> _REQUIREMENT_
Only the lines in the entries below from the line with "El Anillo Único" to the line with "This acrylic award", both included, belong in the answer, transcribed exactly and without pictures.

> _INPUT FOR THIS TASK_

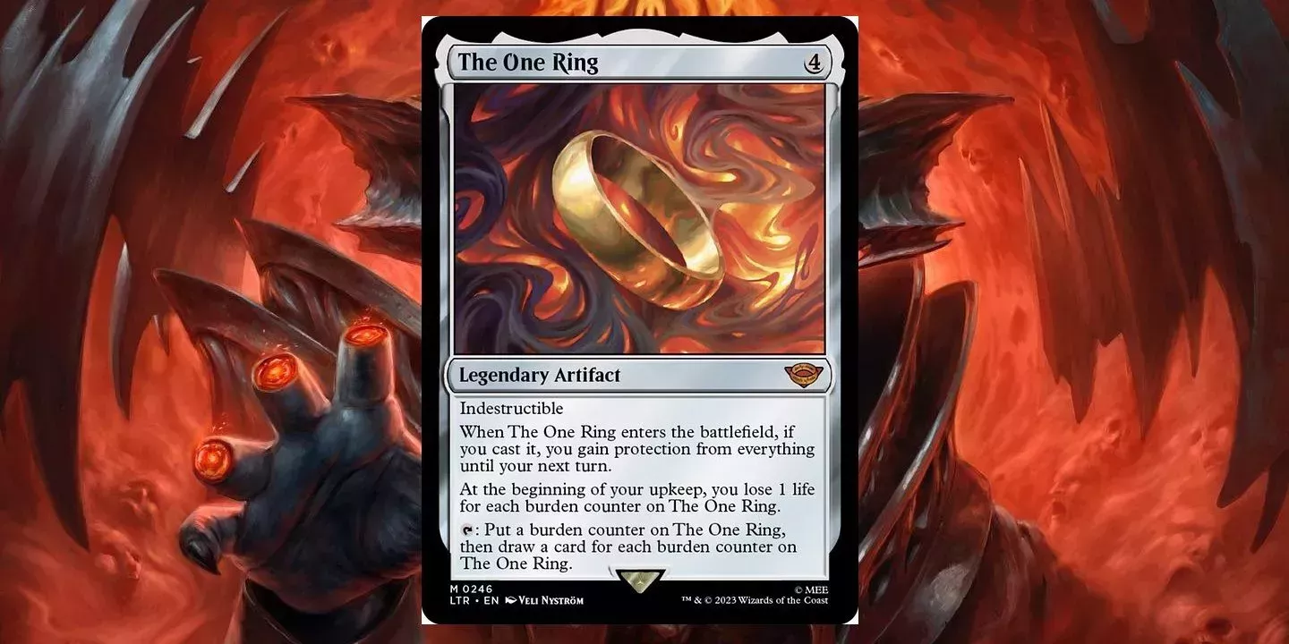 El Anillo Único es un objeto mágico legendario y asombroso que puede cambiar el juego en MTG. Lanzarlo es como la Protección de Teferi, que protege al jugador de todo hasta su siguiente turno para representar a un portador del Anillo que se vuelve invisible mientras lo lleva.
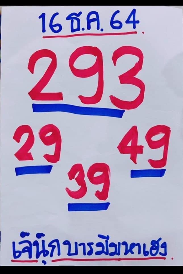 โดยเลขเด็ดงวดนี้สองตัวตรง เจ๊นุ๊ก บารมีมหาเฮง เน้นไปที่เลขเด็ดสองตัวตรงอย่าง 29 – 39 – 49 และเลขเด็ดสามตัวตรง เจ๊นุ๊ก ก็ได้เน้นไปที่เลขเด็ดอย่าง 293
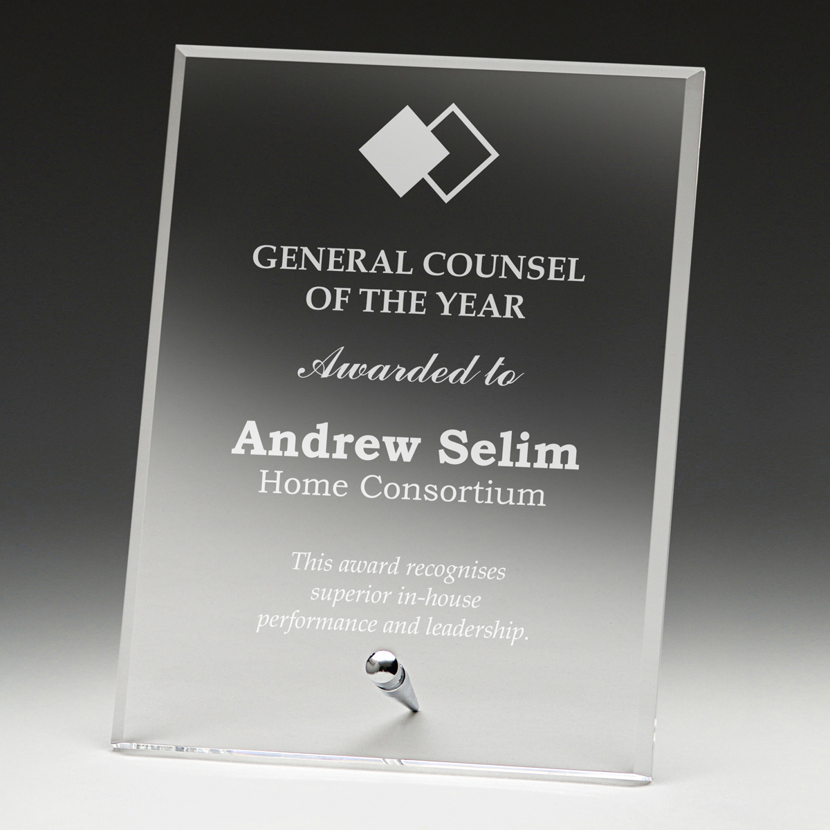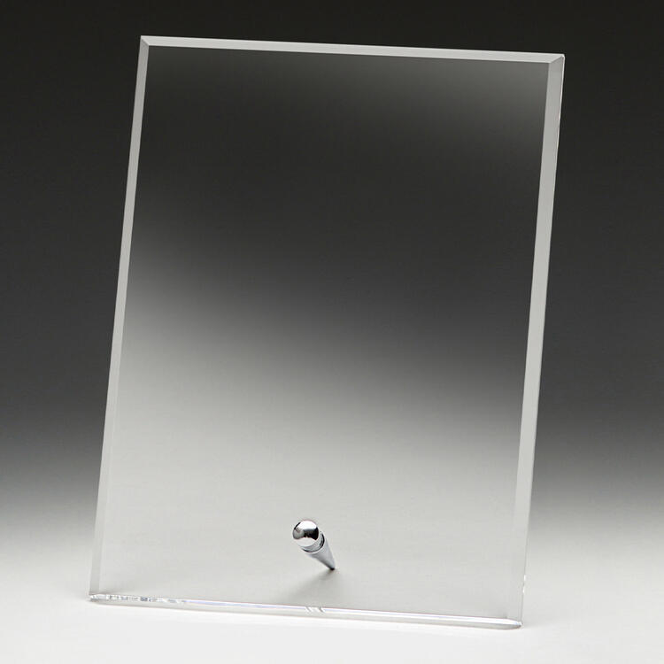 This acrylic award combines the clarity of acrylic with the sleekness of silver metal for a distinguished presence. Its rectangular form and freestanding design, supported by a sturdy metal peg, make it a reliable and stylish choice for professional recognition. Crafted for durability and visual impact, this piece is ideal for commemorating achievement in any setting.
...
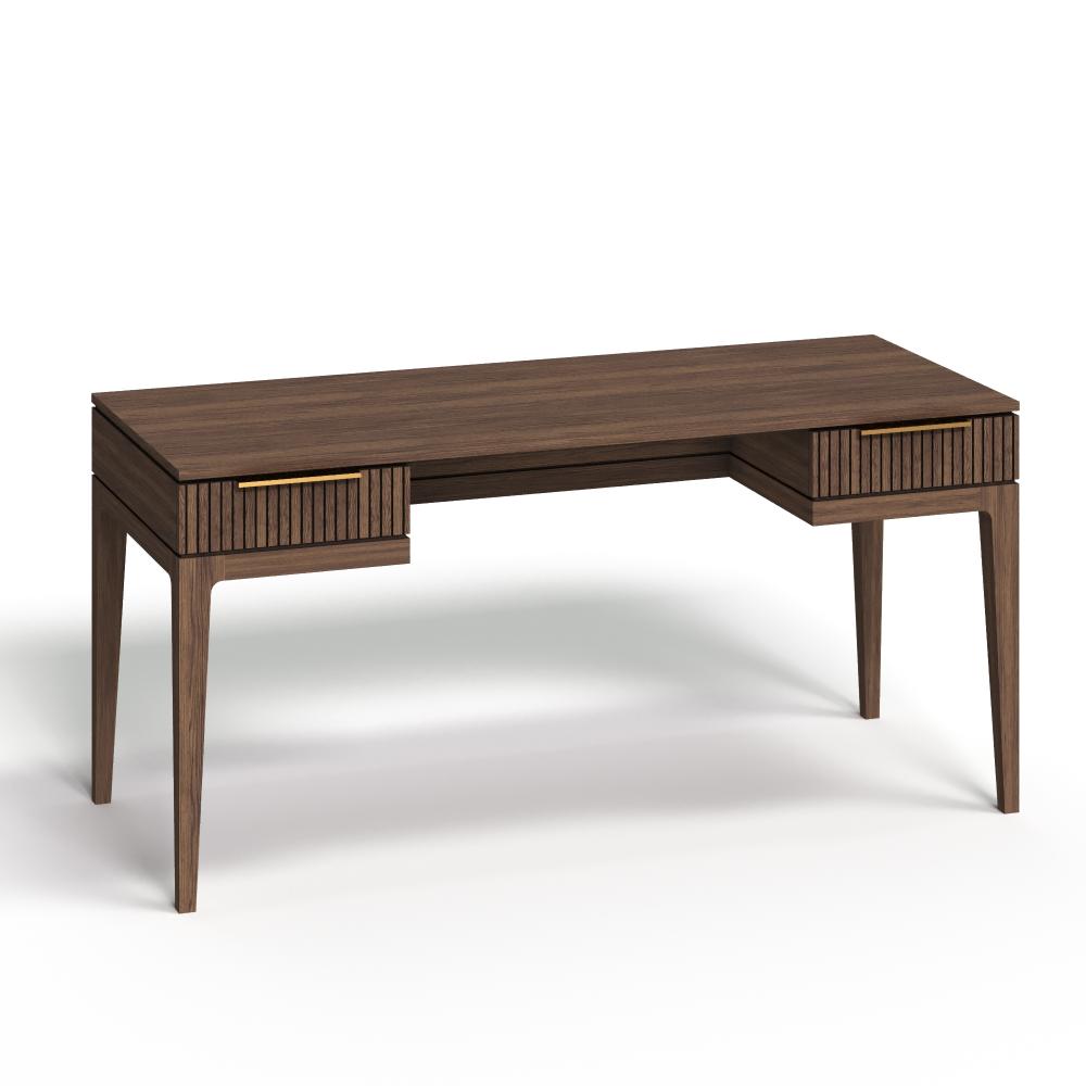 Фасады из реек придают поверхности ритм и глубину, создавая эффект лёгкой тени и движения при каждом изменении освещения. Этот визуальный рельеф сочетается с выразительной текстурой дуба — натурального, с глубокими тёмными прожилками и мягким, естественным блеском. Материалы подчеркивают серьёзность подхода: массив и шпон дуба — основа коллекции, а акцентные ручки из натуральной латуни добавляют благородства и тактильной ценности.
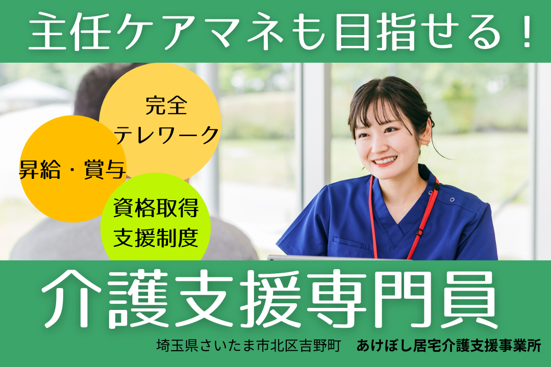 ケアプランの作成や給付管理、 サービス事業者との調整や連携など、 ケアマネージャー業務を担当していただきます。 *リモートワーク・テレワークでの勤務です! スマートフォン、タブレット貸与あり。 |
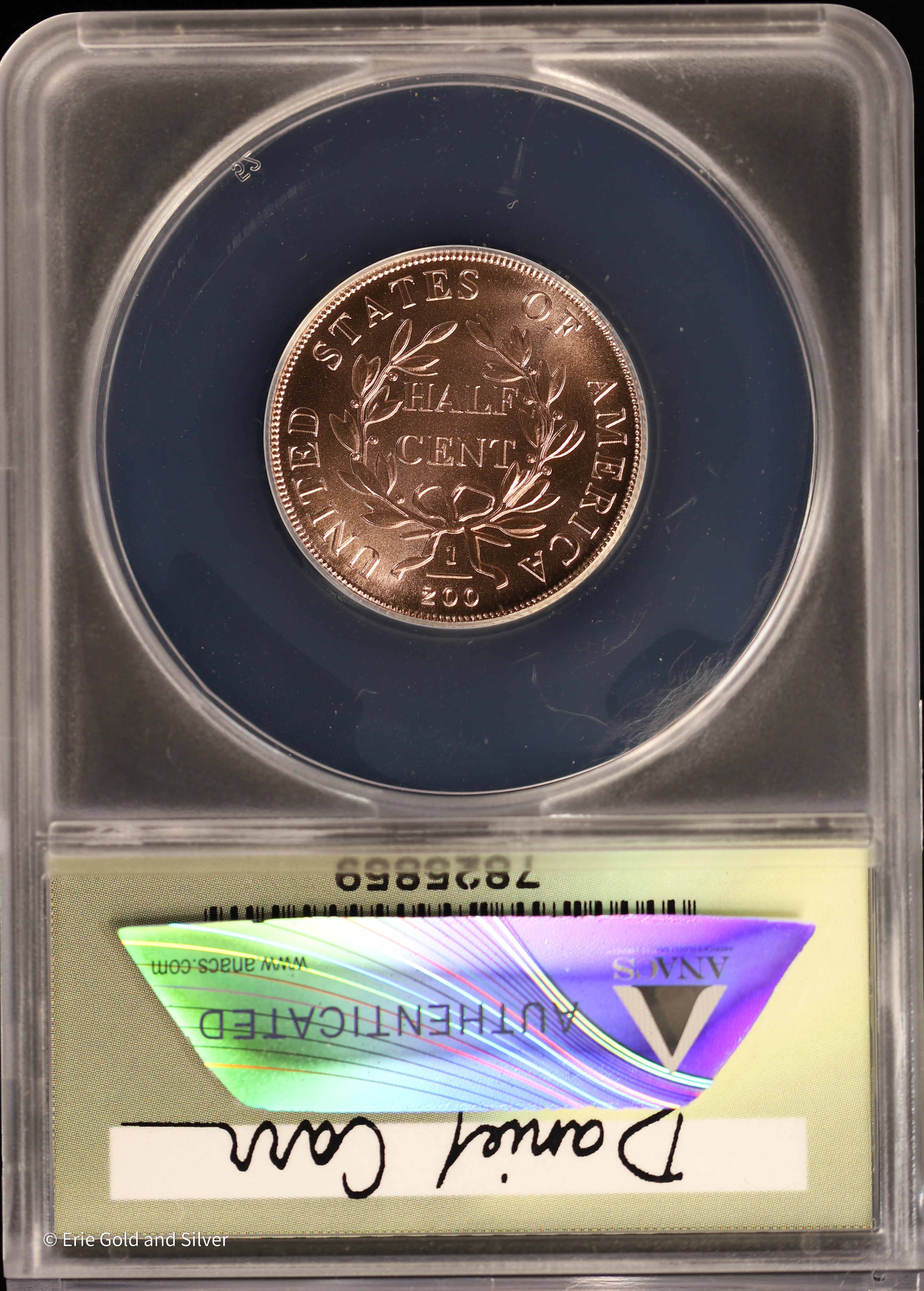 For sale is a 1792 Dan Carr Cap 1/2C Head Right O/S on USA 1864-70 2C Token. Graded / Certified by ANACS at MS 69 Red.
* * *
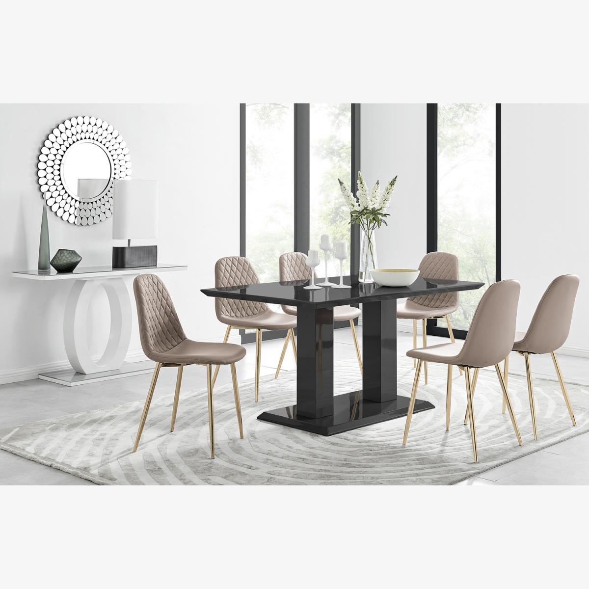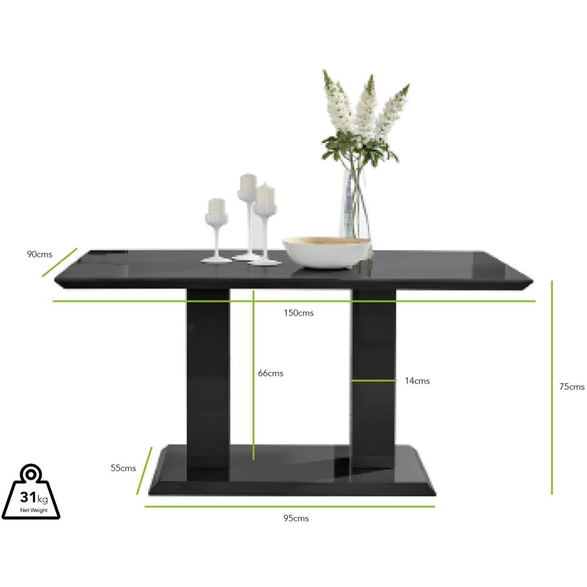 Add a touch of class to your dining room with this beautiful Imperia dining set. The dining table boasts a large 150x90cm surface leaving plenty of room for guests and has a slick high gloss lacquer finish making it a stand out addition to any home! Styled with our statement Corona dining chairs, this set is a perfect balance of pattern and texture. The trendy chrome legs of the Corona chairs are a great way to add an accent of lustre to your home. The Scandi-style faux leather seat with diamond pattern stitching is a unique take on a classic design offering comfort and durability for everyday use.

> _PROBLEM SOLUTION_
 El Anillo Único es un objeto mágico legendario y asombroso que puede cambiar el juego en MTG. Lanzarlo es como la Protección de Teferi, que protege al jugador de todo hasta su siguiente turno para representar a un portador del Anillo que se vuelve invisible mientras lo lleva.
 โดยเลขเด็ดงวดนี้สองตัวตรง เจ๊นุ๊ก บารมีมหาเฮง เน้นไปที่เลขเด็ดสองตัวตรงอย่าง 29 – 39 – 49 และเลขเด็ดสามตัวตรง เจ๊นุ๊ก ก็ได้เน้นไปที่เลขเด็ดอย่าง 293
 This acrylic award combines the clarity of acrylic with the sleekness of silver metal for a distinguished presence. Its rectangular form and freestanding design, supported by a sturdy metal peg, make it a reliable and stylish choice for professional recognition. Crafted for durability and visual impact, this piece is ideal for commemorating achievement in any setting.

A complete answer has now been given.